This programme ran between 2016–2021.
Advances in high-performance computer architectures, and the way algorithms can take advantage of them, have been transformative for a variety of data science tasks.
This scientific programme at the Turing, in partnership with Intel, built upon these successes through co-design of algorithms and computer architectures, a range of applications, and by training a new generation of data scientists with the computational skills required to solve the major data analysis tasks of the future.
Programme challenges
Researchers from both the Turing and Intel worked collaboratively under the shared goal to shape the future of computation for data science.
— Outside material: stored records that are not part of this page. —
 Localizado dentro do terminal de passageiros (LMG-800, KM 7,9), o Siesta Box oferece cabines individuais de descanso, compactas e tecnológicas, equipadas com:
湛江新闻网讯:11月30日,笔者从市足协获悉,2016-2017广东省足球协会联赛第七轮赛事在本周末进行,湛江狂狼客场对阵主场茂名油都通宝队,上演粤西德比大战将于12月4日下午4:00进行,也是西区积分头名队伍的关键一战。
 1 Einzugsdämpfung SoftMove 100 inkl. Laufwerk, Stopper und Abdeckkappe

This involved the following challenges and aims.
Algorithm-architecture co-design
As data science continues to grow as an industry and research sector, data-driven algorithms such as those required by deep learning – multi-level networks that gradually identify things at higher levels of detail – take up an increasing amount of valuable time and energy in data centres. This provokes a need to rethink how the technical challenges caused by this emerging new science are managed.
Hardware needs to be designed to suit the needs of data science algorithms, and algorithms need to similarly be designed to suit the capabilities of the hardware.
Training a new generation
The significant industry, government, and academic demand for data science skills creates a supply problem, with the UK facing a major skills gap which could inhibit the anticipated potential of data science and AI for our economy and society.
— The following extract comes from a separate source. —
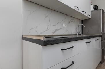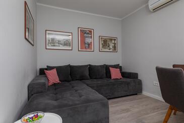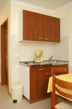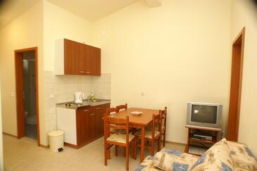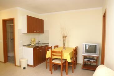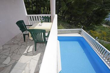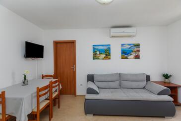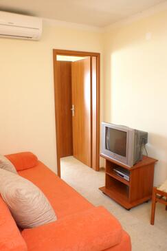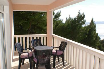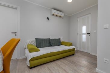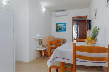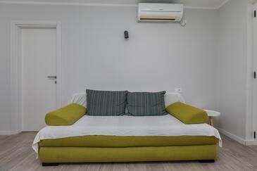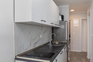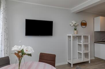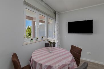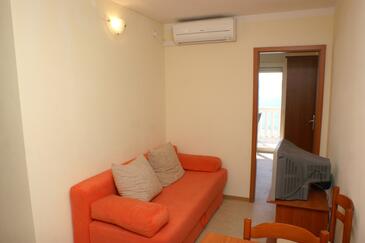 Ferienwohnung bietet Platz für 5 Gäste. Die Betten sind in Schlafzimmern, die es 2 gibt, und in Wohnzimmer, innerhalb einer Gesamtfläche von 38m2, angeordnet. Die Gäste haben eine eigene Terrasse zur Verfügung, auf der sie in warmen Sommernächten genießen können. Das Apartment bietet Meerblick. Es ist erlaubt, Speisen auf dem Gemeinschafts-Grill vorzubereiten. Während ihres Aufenthalts können Gäste das gemeinsam zur Nutzung stehende Schwimmbad benutzen.

As well as conducting research, this programme’s partnership is training a new generation of data scientists through the Turing’s doctoral programme, ensuring students are equipped with the latest data science techniques, tools, and methodologies.
Improving hardware
Intel has dedicated a hardware architecture team at the Institute’s facilities in the University of Edinburgh.
The programme aims to dramatically increase the speed and efficiency of data-driven computing tasks and provide Intel with the tools to build the next generation of computer processors and high-performance systems.
Impact
Impact story: Co-designing computing with Intel
In a high-performance computing (HPC) environment, such as a data centre with hundreds or thousands of interconnected computers, well-designed algorithms and architectures allow huge data analysis tasks to be performed. For example, classifying millions of images of tissue samples to identify whether they contain anomalous features that should be examined by a doctor.
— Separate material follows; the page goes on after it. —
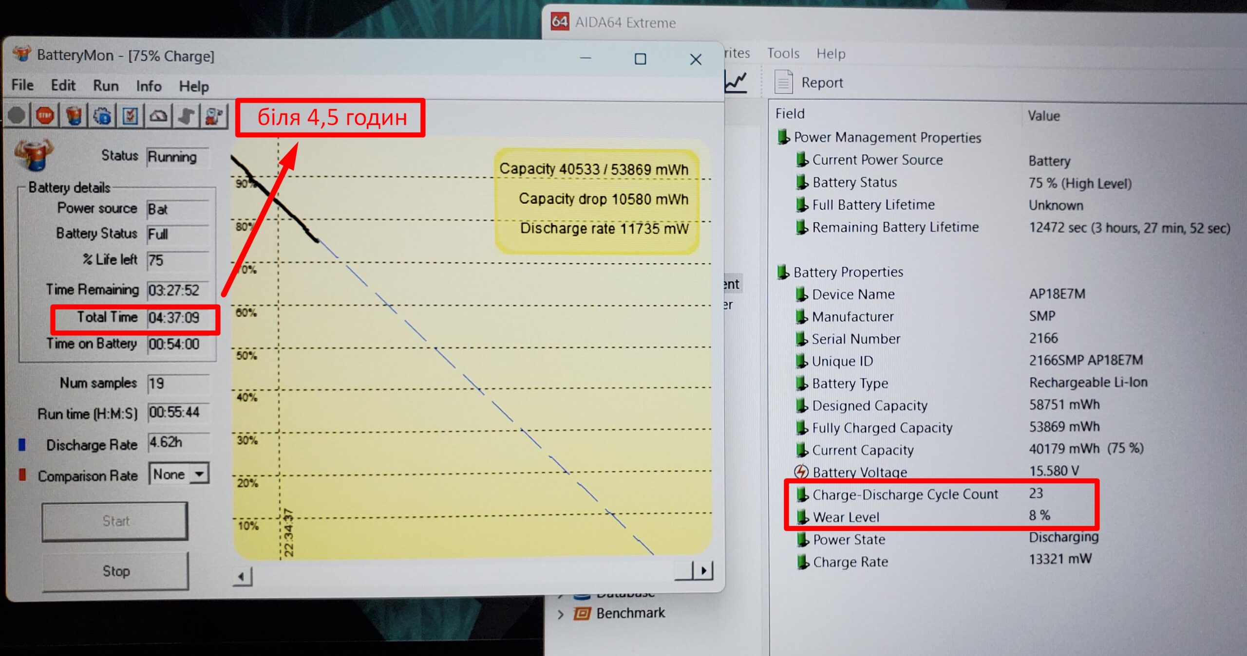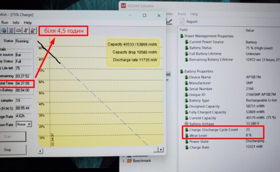 Время работы от батареи около 4 часов в режиме просмотра фильмов (фото будет).
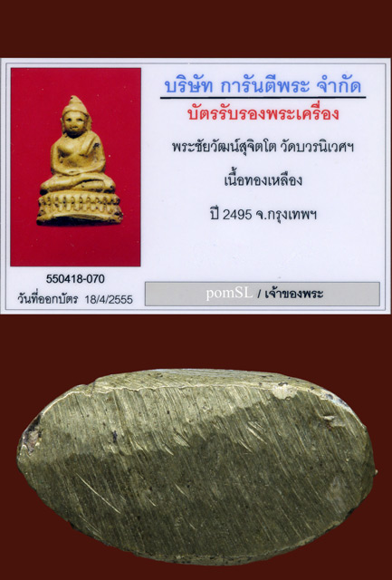 พระชัยวัฒน์ สุจิตโต วัดบวรนิเวศวิหาร ปี 2495 พิมพ์สมาธิ สวยเดิมๆ มาพร้อมบัตร G ครับ

While these high-performance systems operate well for some computing needs, they often run at less than half their full capacity for many data science and machine learning tasks. Researchers at The Alan Turing Institute have been working in collaboration with Intel to co-design better architectures for their HPC systems. The collaboration has looked at how to improve communication between multiple machines that are sharing the workload of massive analyses, as well as how to rethink the formatting of the data used in HPC, to improve performance on data science and machine learning problems.
The output of the work is not only helping Intel improve their products and services, but also enabling data scientists to manage and analyse massive datasets with greater efficiency, in a range of machine learning applications.
Read the full impact story here.
Collaboration between the programme and the NHS
An announcement was made about a collaboration between the data science at scale programme and the University of Warwick, Intel, and University Hospitals Coventry & Warwickshire NHS Trust (UHCW). The collaboration involves using ground-breaking artificial intelligence techniques to detect and classify cancer cells more efficiently and accurately.
Scientists at the University of Warwick’s Tissue Image Analytics (TIA) Laboratory – led by Professor Nasir Rajpoot from the Department of Computer Science – are creating a large, digital repository of a variety of tumour and immune cells found in thousands of human tissue samples, and are developing algorithms to recognize these cells automatically.
Professor David Snead, clinical lead for cellular pathology and director of the UHCW Centre of Excellence, comments that ‘the successful adoption of these tools will stimulate better organisation of services, gains in efficiency, and above all, better care for patients, especially those with cancer.”